The tasks of the Master
student would be:
- Review
the state-of-the-art in video-frame prediction conditioned on actions.
- Implement
and compare state-of-the-art methods using code in C++ or Python or Matlab.
- Propose
ways to improve existing algorithms, such as
improve the quality of predictions, use more data-efficient
methods, or generalise the prediction of frames using
other modalities (e.g. proprioception).
References
[1] Michael Mathieu,
Camille Couprie, and Yann LeCun.
“Deep multi-scale video prediction beyond mean
square error”. In: arXiv preprint arXiv:1511.05440 (2015).
[2] Junhyuk
Oh, Xiaoxiao Guo, Honglak
Lee, Richard L Lewis, and Satinder Singh. “Action-Conditional Video Prediction
using Deep Networks in Atari Games". In: Advances
in Neural Information Processing Systems 28.
Ed. by C. Cortes, N. D. Lawrence, D. D. Lee, M. Sugiyama, and R. Garnett.
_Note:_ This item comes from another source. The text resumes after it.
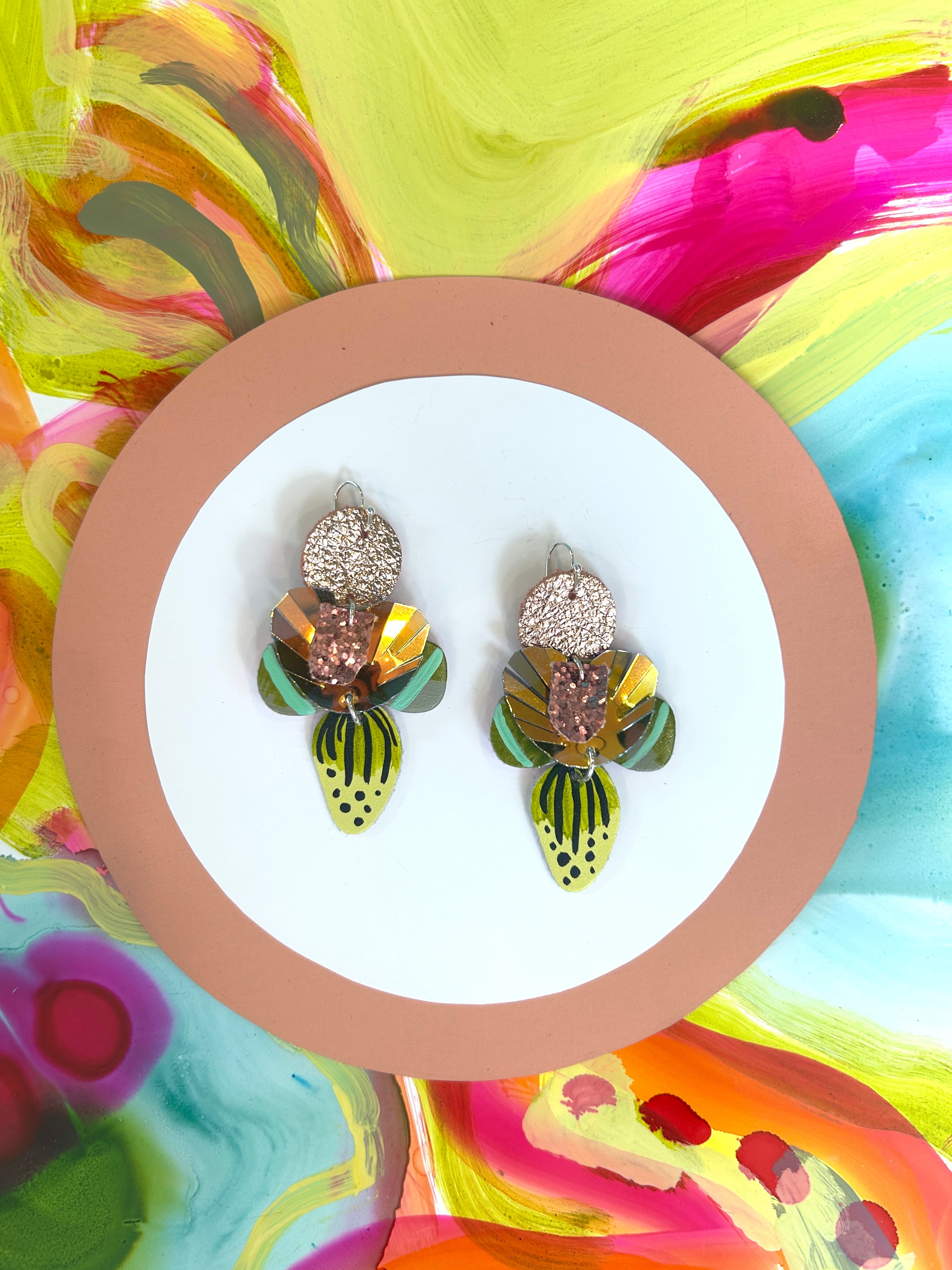 Handpainted dusky green leather shapes with pops of lemon yellow. Shimmery golden hour fringed pieces and rose gold glitter. Hand-painted leather shapes have a marshmallow pink painted back, metallic rose gold leather shapes have a soft suede back.

Curran
Associates, Inc., 2015, pp.2863-2871. url:
http://papers.nips.cc/paper/5859-actionconditional-video-prediction-using-deep-networks-in-atari-games.pdf.
[3] Chelsea Finn, Ian Goodfellow, and Sergey Levine. “Unsupervised Learning for
Physical Interaction through Video Prediction". In: Advances
in Neural Information Processing Systems 29.
Ed. by D. D. Lee, M. Sugiyama, U. V. Luxburg, I.
Guyon, and R. Garnett. Curran Associates, Inc., 2016, pp.64-72. url:
http://papers.nips.cc/paper/6161-unsupervised-learning-for-physicalinteraction-through-video-prediction.pdf.
[4] Chelsea Finn and
Sergey Levine. “Deep visual foresight for planning robot motion". In: Robotics
and Automation (ICRA), 2017 IEEE International Conference on.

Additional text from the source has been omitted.